BACKGROUND: SIN3 is a transcriptional repressor protein known to regulate many genes, including a number of those that encode mitochondrial components. RESULTS: By monitoring RNA levels, we find that loss of SIN3 in Drosophila cultured cells results in up-regulation of not only nuclear encoded mitochondrial genes, but also those encoded by the mitochondrial genome. The up-regulation of gene expression is accompanied by a perturbation in ATP levels in SIN3-deficient cells, suggesting that the changes in mitochondrial gene expression result in altered mitochondrial activity. In support of the hypothesis that SIN3 is necessary for normal mitochondrial function, yeast sin3 null mutants exhibit very poor growth on non-fermentable carbon sources and show lower levels of ATP and reduced respiration rates. CONCLUSIONS: The findings that both yeast and Drosophila SIN3 affect mitochondrial activity suggest an evolutionarily conserved role for SIN3 in the control of cellular energy production.

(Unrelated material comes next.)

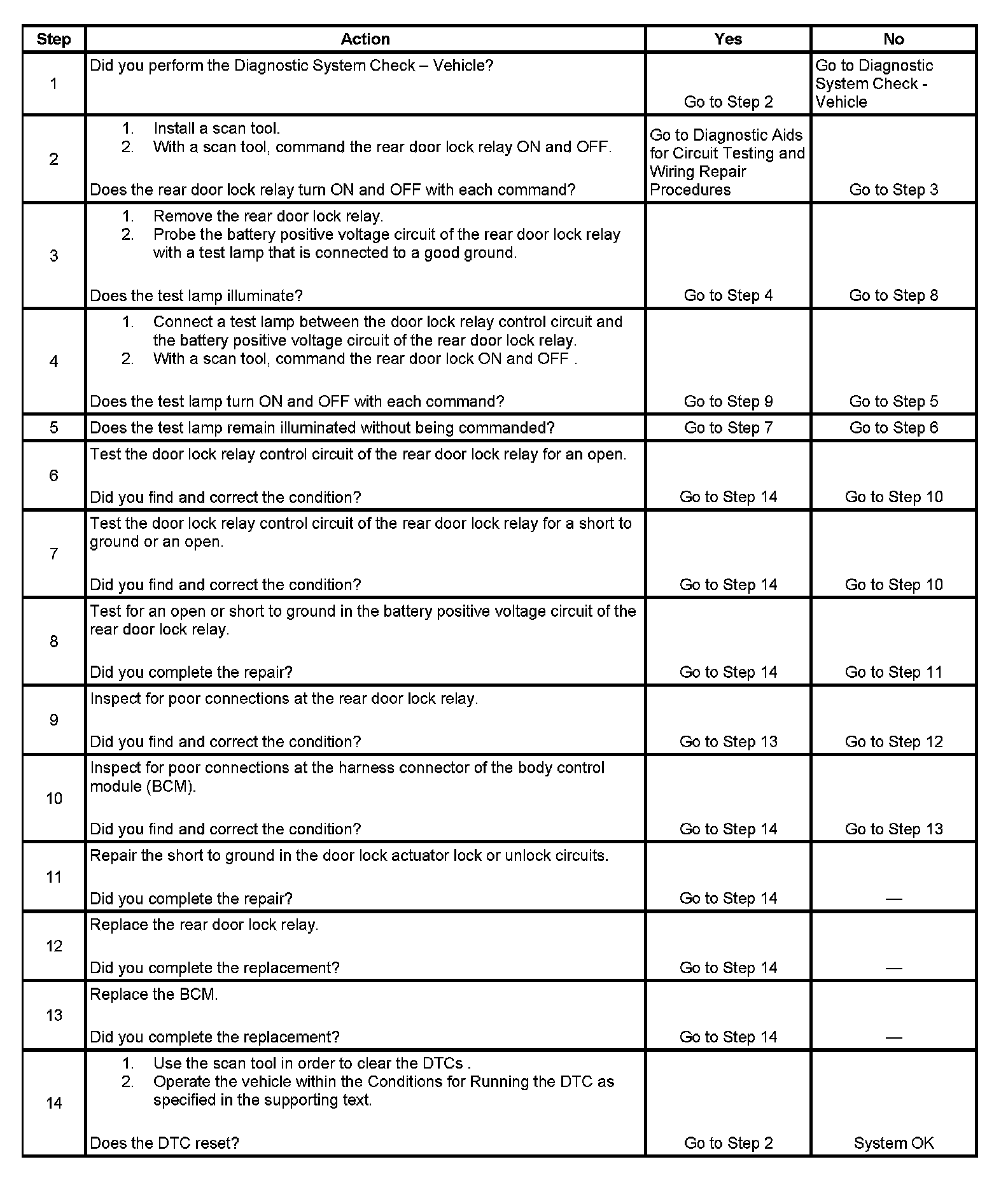 5. This step tests if ground is constantly being applied to the rear door lock relay.
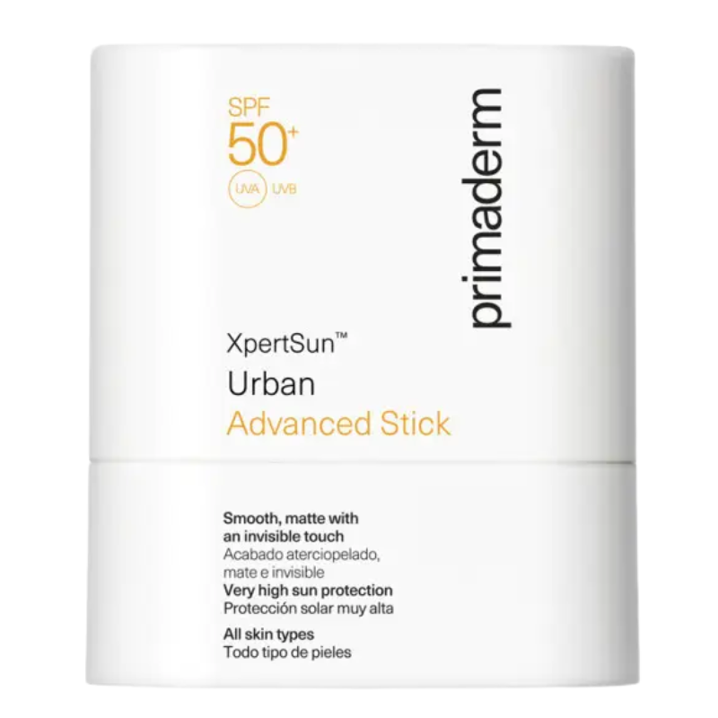 Primaderm XpertSun Urban Advanced Stick SPF50+ es un protector solar facial en stick para reaplicar durante el día.

Drosophila SIN3 isoforms interact with distinct proteins and have unique biological functions.

The SIN3 corepressor serves as a scaffold for the assembly of histone deacetylase (HDAC) complexes. SIN3 and its associated HDAC have been shown to have critical roles in both development and the regulation of cell cycle progression. Although multiple SIN3 isoforms have been reported in simple to complex eukaryotic organisms, the mechanisms by which such isoforms regulate specific biological processes are still largely uncharacterized. To gain insight into how SIN3 isoform-specific function contributes to the growth and development of a metazoan organism, we have affinity-purified two SIN3 isoform-specific complexes, SIN3 187 and 220, from Drosophila S2 cells and embryos. We have identified a number of proteins common to the complexes, including the HDAC RPD3, as well as orthologs of several proteins known to have roles in regulating cell proliferation in other organisms. We additionally identified factors, including the histone demethylase little imaginal discs and histone-interacting protein p55, that exhibited a preferential interaction with the largest SIN3 isoform. Our experiments indicate that the isoforms are associated with distinct HDAC activity and are recruited to unique and shared sites along polytene chromosome arms. Furthermore, although expression of SIN3 220 can substitute for genetic loss of other isoforms, expression of SIN3 187 does not support Drosophila viability. Together our findings suggest that SIN3 isoforms serve distinct roles in transcriptional regulation by partnering with different histone-modifying enzymes.